UBS AG and Citigroup Inc. cut China growth forecasts for 2012 as home sales slide and Europe, the nation’s biggest export market, faces the risk of a recession.
Gross domestic product will increase 8 percent in 2012, less than a previous call of 8.3 percent, Hong Kong-based economist Wang Tao said in a note today. Citigroup cut its forecast to 8.4 percent from 8.7 percent. The banks have also reduced global growth estimates.
Europe’s debt crisis is sapping export demand just as Premier Wen Jiabao’s crackdown on property speculation damps construction. Goldman Sachs Group Inc. said clients should exit a bet that Hong Kong-listed China companies will gain because “the balance of risks is no longer attractive.”

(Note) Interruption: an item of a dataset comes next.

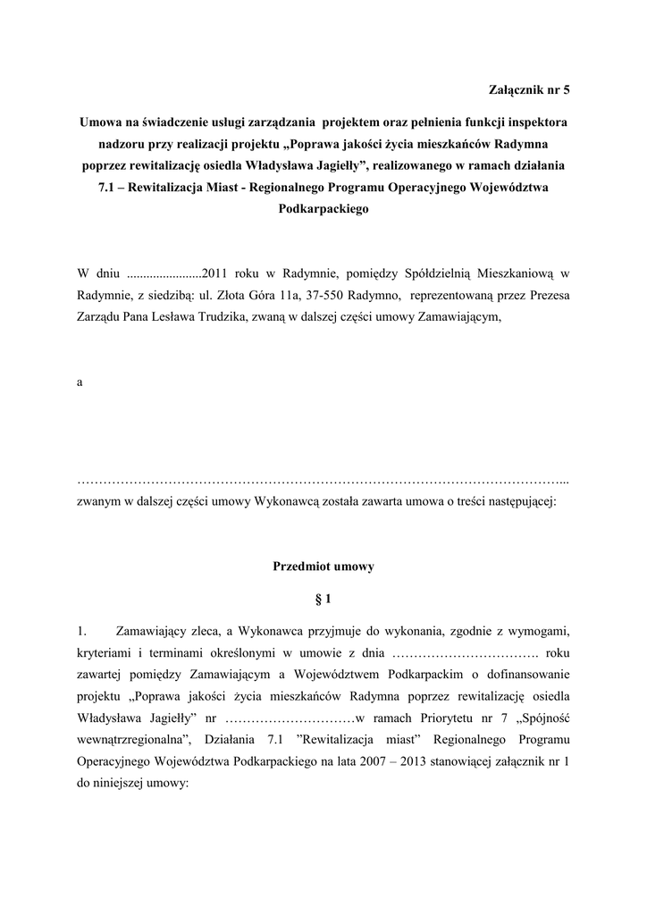 Załącznik nr 5 Umowa na świadczenie usługi zarządzania projektem oraz pełnienia funkcji inspektora nadzoru przy realizacji projektu „Poprawa jakości życia mieszkańców Radymna poprzez rewitalizację osiedla Władysława Jagiełły”, realizowanego w ramach działania 7.1 – Rewitalizacja Miast - Regionalnego Programu Operacyjnego Województwa Podkarpackiego W dniu .......................2011 roku w Radymnie, pomiędzy Spółdzielnią Mieszkaniową w Radymnie, z siedzibą: ul. Złota Góra 11a, 37-550 Radymno, reprezentowaną przez Prezesa Zarządu Pana Lesława Trudzika, zwaną w dalszej części umowy Zamawiającym, a …………………………………………………………………………………………………... zwanym w dalszej części umowy Wykonawcą została zawarta umowa o treści następującej: Przedmiot umowy §1 1. Zamawiający zleca, a Wykonawca przyjmuje do wykonania, zgodnie z wymogami, kryteriami i terminami określonymi w umowie z dnia ……………………………. roku zawartej pomiędzy Zamawiającym a Województwem Podkarpackim o dofinansowanie projektu „Poprawa jakości życia mieszkańców Radymna poprzez rewitalizację osiedla Władysława Jagiełły” nr …………………………w ramach Priorytetu nr 7 „Spójność wewnątrzregionalna”, Działania 7.1 ”Rewitalizacja miast” Regionalnego Programu Operacyjnego Województwa Podkarpackiego na lata 2007 – 2013 stanowiącej załącznik nr 1 do niniejszej umowy: a) Nadzór merytoryczny nad procedurą wyboru usługodawców, wykonawców i dostawców w niezbędnych do realizacji projektu zgodnie z wytycznymi Instytucji Zarządzającej Regionalnego Programu Operacyjnego Województwa Podkarpackiego. b) Finansowe rozliczanie Projektu „Poprawa jakości życia mieszkańców Radymna poprzez rewitalizację osiedla Władysława Jagiełły” Regionalnego Programu Operacyjnego zgodnie z wymogami Województwa Podkarpackiego oraz obowiązującymi przepisami krajowymi, w tym sporządzanie wniosków o płatność wraz z wymaganymi przez Instytucję Zarządzającą (Zarząd Województwa Podkarpackiego) załącznikami oraz sprawozdawczość finansową, c) Monitorowanie finansowej realizacji Projektu w oparciu o harmonogram rzeczowofinansowy i zatwierdzony budżet, d) Weryfikację formalną dokumentów księgowych związanych z realizacją Projektu zgodnie z wymogami Unii Europejskiej, w tym dokonywanie stosownych adnotacji na opisie tych dokumentów, e) Przygotowywanie harmonogramu składania wniosków o płatność we współpracy z Zamawiającym w oparciu o umowy z Dostawcami, f) Przygotowywanie aktualnej prognozy wydatków na bieżący rok budżetowy oraz na rok następny we współpracy z Zamawiającym w oparciu o umowy z Dostawcami, g) Pomoc zamawiającemu w monitorowaniu przebiegu realizacji Projektu oraz w razie konieczności informowanie Zamawiającego o zaistniałych nieprawidłowościach, h) Pomiar wartości wskaźników produktu osiągniętych dzięki realizacji Projektu zgodnie z określonymi wskaźnikami monitoringu dla Projektu., 2. Zamawiający zleca również, a Wykonawca przyjmuje do wykonania, zgodnie z wymogami, kryteriami i terminami określonymi w umowie z dnia ……………………………. roku zawartej pomiędzy Zamawiającym a Województwem Podkarpackim o dofinansowanie projektu „Poprawa jakości życia mieszkańców Radymna poprzez rewitalizację osiedla Władysława Jagiełły” nr …………………………w ramach Priorytetu nr 7 „Spójność wewnątrzregionalna”, Działania 7.1 ”Rewitalizacja miast” Regionalnego Programu Operacyjnego Województwa Podkarpackiego na lata 2007 – 2013 stanowiącej załącznik nr 1 do niniejszej umowy, a także na podstawie i w zgodzie z obowiązującymi w tej materii przepisami Polskiego Prawa Budowlanego pełnienie funkcji inspektora nadzoru budowlanego. §2 1. Jako koordynatora w zakresie realizacji obowiązków umownych ze strony Zamawiającego upoważnia się: 1) Prezes Zarządu ………………………..., 2) Główny Księgowy …………………………………… 3) Prawnik ……………………………………… 4) Dyrektor Techniczno-Administracyjny ………………………….. 2. Wykonawca ma prawo zlecić niektóre prace związane z wykonaniem umowy podwykonawcy, za którego działania lub zaniechania ponosi razem z nim solidarną odpowiedzialność wobec Zamawiającego. Obowiązki Zamawiającego §3 1. Zamawiający dostarcza Wykonawcy dane i dokumenty i materiały niezbędne do wykonania przedmiotu umowy a w szczególności: oferty dostawców, umowy z dostawcami, faktury, dowody bankowe dokonanych przelewów, protokoły odbioru. 2. Zamawiający jest zobowiązany do udostępnienia swoich kadr w celu szkolenia i bieżących konsultacji, w zakresie prawidłowego przygotowywania i prowadzania finansowej dokumentacji rozliczeniowej i technicznej projektu. 3. Zamawiający jest zobowiązany do zastrzeżenia w umowie z wyłonionym inspektorem nadzoru klauzuli o zobowiązaniu współpracy z Wykonawcą w zakresie prawidłowego przygotowywania i prowadzania dokumentacji rozliczeniowej i technicznej projektu 4. W przypadku stwierdzenia przez Wykonawcę, iż otrzymane dokumenty nie odpowiadają wymogom Regionalnego Programu Operacyjnego Województwa Podkarpackiego wówczas Wykonawca niezwłocznie, w terminie umożliwiającym ich skuteczne złożenie do Instytucji Zarządzającej, zawezwie do dostarczenia kompletnych/skorygowanych dokumentów, wskazując sposób ich korekty/uzupełnienia. Wykonawca nie ponosi odpowiedzialności za błędy zawarte w dokumentach, których nie jest bezpośrednim autorem. Obowiązki Wykonawcy §4 1. Wykonawca zobowiązuje się do wykonywania przedmiotu niniejszej umowy zgodnie ze zleceniem Zamawiającego, zasadami współczesnej wiedzy oraz obowiązującymi w tym zakresie przepisami w terminie do 14.12.2012 roku. 2. Jeżeli do przedmiotu umowy zostaną zgłos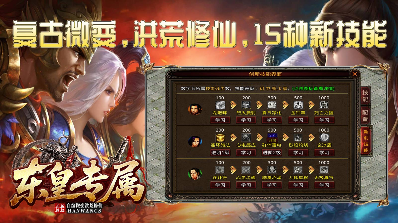 复古微变,洪荒修仙,15种新技能。

“Much weaker euro zone growth will affect the rest of the world, including China,” UBS economist Wang said in today’s report. “We think more obvious and persistent easing will likely occur in the first quarter of 2012, when export, construction and industrial production should have decelerated significantly.”
China’s economy, the world’s second biggest, grew 9.1 percent in the third quarter from a year earlier. Expansion has slowed from 11.9 percent in the first quarter of last year.
The benchmark Shanghai Composite Index rose 0.6 percent as of 1:25 p.m. local time, paring this year’s decline to about 15 percent.
Hong Kong Shares
The Hang Seng China Enterprises Index, a gauge of 40 mainland companies listed in Hong Kong, dropped 10 percent from Nov. 5 through yesterday on concern growth will slow because of property curbs and Europe’s debt crisis. In a Nov. 6 report, Goldman Sachs’ analysts had suggested favoring shares in the index because of their underperformance relative to the Standard & Poor’s 500 Index.
Morgan Stanley yesterday lowered its China growth estimate for next year to 8.4 percent from 8.7 percent. The nation is unlikely to be immune from weaker external demand although domestic demand will “hold up well,” Hong Kong-based economists led by Helen Qiao and Yuande Zhu said in a note.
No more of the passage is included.